▶ _WHAT IS EXPECTED_:
Among the entries that follow, locate the line with "Combi short léger" and the line with "कक्षा - 2 की मासिक कार्यक्रम प्रिारण िारणी". Output those lines and all lines in between, exactly, minus the pictures.

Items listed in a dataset
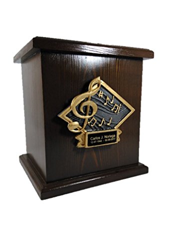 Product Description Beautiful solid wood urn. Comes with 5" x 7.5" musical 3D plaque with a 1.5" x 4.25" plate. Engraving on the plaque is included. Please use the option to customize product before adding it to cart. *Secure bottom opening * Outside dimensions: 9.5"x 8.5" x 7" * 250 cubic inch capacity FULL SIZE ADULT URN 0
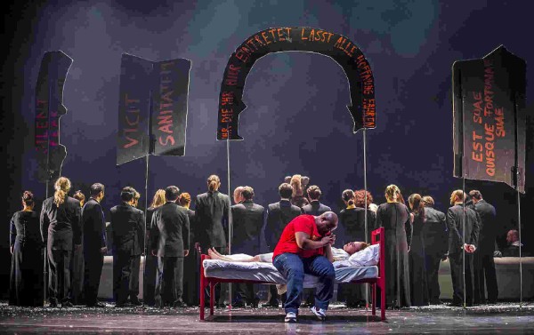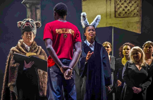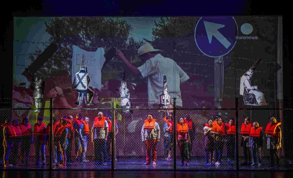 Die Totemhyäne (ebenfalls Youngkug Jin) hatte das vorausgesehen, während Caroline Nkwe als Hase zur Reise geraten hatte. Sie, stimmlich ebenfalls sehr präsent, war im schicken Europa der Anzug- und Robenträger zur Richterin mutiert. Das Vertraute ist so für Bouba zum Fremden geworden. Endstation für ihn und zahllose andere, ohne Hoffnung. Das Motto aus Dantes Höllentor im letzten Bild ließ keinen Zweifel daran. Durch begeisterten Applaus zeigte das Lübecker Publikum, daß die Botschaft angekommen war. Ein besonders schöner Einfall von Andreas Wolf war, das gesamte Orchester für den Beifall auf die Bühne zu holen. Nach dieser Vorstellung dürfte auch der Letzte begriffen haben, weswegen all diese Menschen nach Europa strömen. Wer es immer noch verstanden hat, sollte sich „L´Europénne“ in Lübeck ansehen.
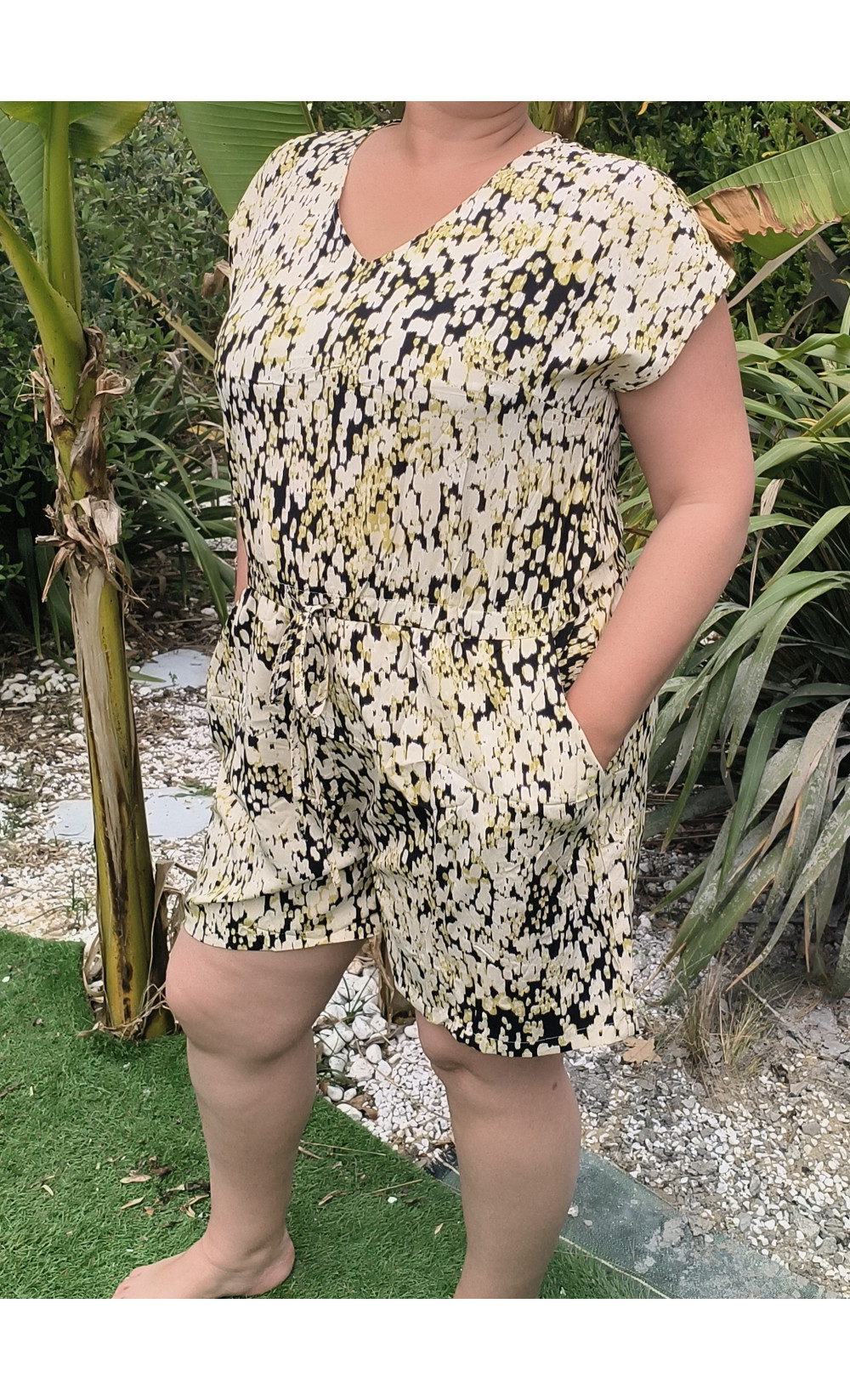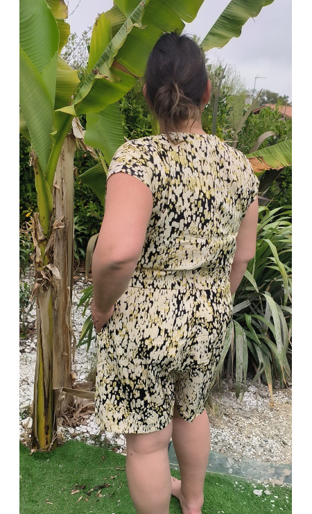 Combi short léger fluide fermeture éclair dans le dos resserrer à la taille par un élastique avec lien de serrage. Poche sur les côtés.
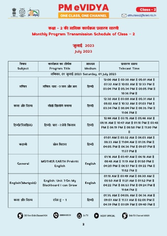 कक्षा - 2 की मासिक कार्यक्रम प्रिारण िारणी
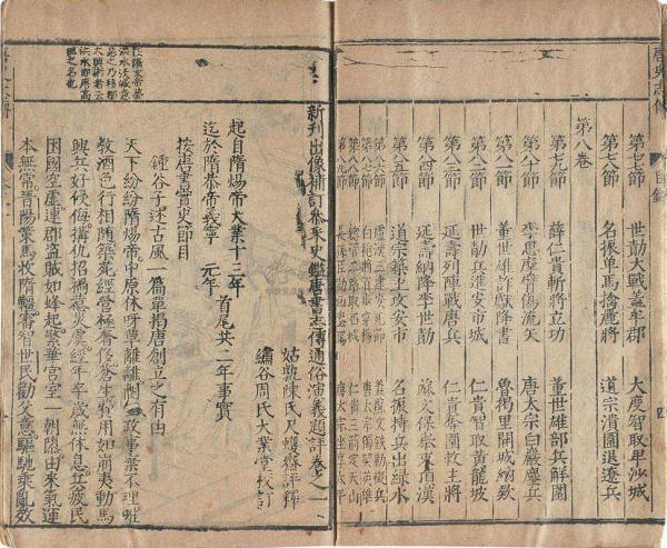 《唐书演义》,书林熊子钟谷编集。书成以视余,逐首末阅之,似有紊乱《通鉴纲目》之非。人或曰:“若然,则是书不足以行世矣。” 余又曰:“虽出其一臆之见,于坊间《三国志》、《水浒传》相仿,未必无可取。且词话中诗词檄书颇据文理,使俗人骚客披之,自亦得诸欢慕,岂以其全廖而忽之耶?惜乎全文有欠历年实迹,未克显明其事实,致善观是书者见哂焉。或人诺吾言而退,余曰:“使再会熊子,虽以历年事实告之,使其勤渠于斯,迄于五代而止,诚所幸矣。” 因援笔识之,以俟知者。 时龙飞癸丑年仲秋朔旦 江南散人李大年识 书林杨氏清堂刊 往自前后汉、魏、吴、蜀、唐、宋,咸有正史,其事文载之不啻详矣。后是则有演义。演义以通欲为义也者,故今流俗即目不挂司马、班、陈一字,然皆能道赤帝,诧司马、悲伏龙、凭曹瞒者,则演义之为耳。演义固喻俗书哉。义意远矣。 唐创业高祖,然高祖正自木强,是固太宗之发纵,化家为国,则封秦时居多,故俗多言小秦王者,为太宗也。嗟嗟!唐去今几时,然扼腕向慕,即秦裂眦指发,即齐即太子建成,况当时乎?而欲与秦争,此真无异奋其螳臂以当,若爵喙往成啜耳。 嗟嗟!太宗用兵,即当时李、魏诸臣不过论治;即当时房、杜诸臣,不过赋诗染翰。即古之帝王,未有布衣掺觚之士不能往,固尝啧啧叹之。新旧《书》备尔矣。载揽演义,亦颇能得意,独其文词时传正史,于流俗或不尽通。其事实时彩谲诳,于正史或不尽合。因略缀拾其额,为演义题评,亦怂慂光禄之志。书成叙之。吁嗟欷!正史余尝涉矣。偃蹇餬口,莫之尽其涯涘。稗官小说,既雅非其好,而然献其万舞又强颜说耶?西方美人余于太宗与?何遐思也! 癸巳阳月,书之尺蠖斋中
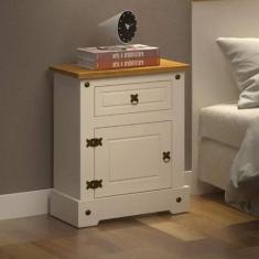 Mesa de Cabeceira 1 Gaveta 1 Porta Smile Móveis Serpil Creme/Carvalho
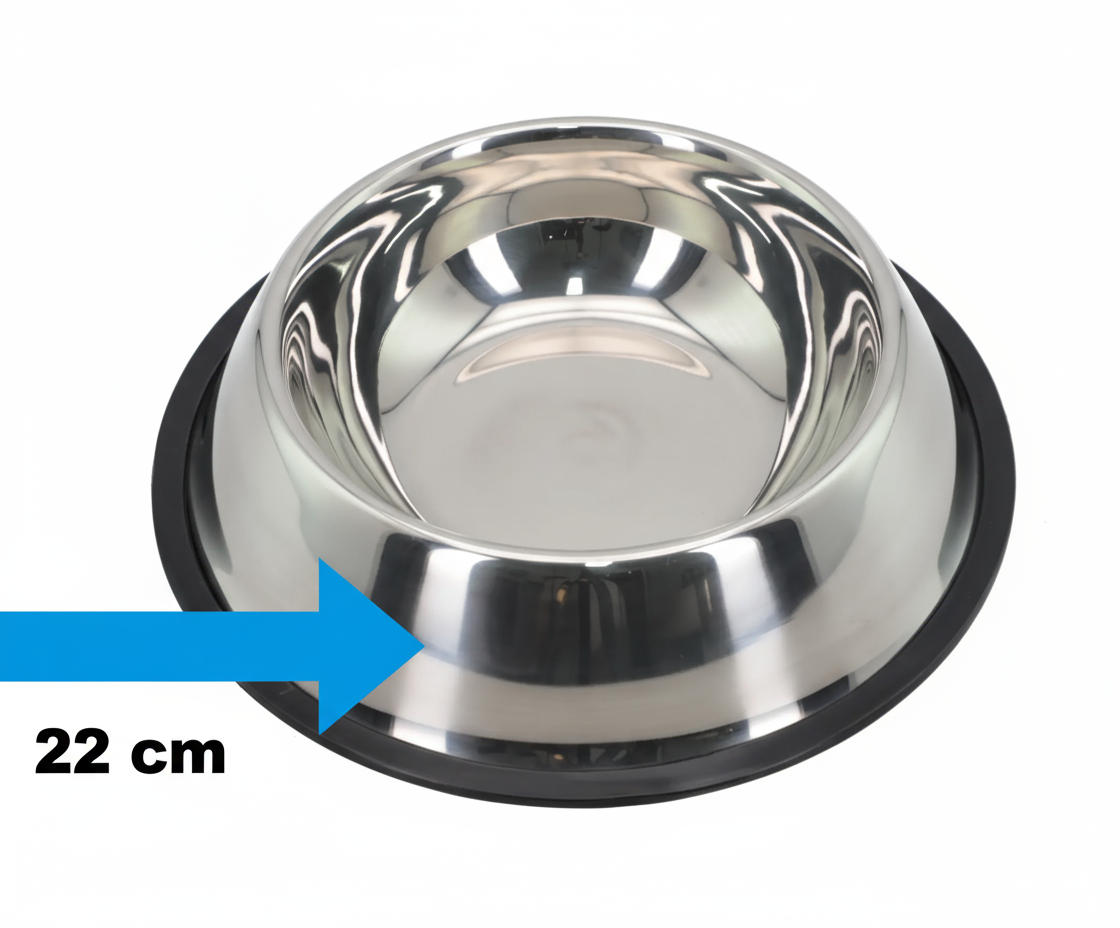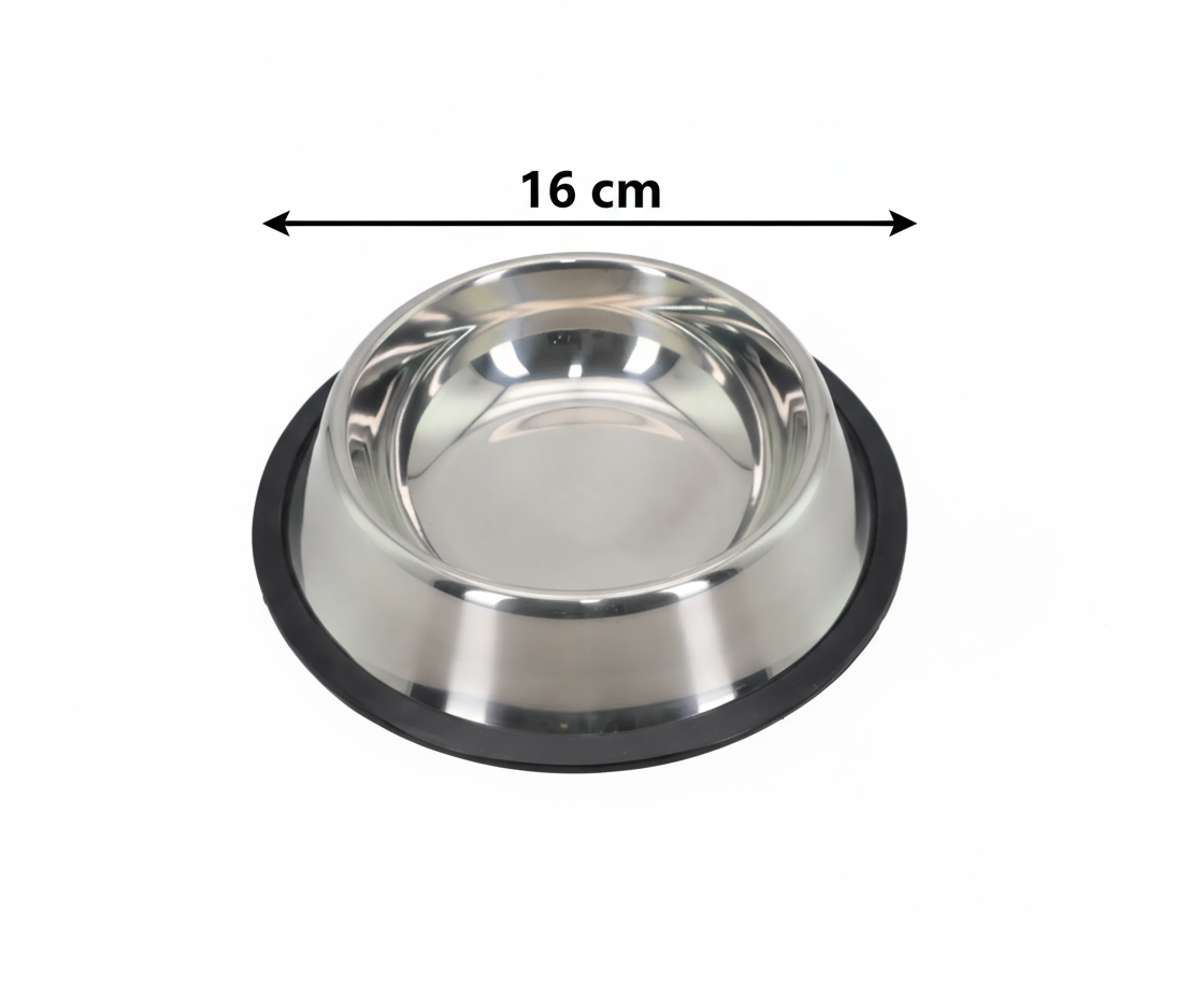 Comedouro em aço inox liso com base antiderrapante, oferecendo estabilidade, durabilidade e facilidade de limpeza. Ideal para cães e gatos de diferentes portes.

▶ _TASK SOLUTION_:
 Combi short léger fluide fermeture éclair dans le dos resserrer à la taille par un élastique avec lien de serrage. Poche sur les côtés.
 कक्षा - 2 की मासिक कार्यक्रम प्रिारण िारणी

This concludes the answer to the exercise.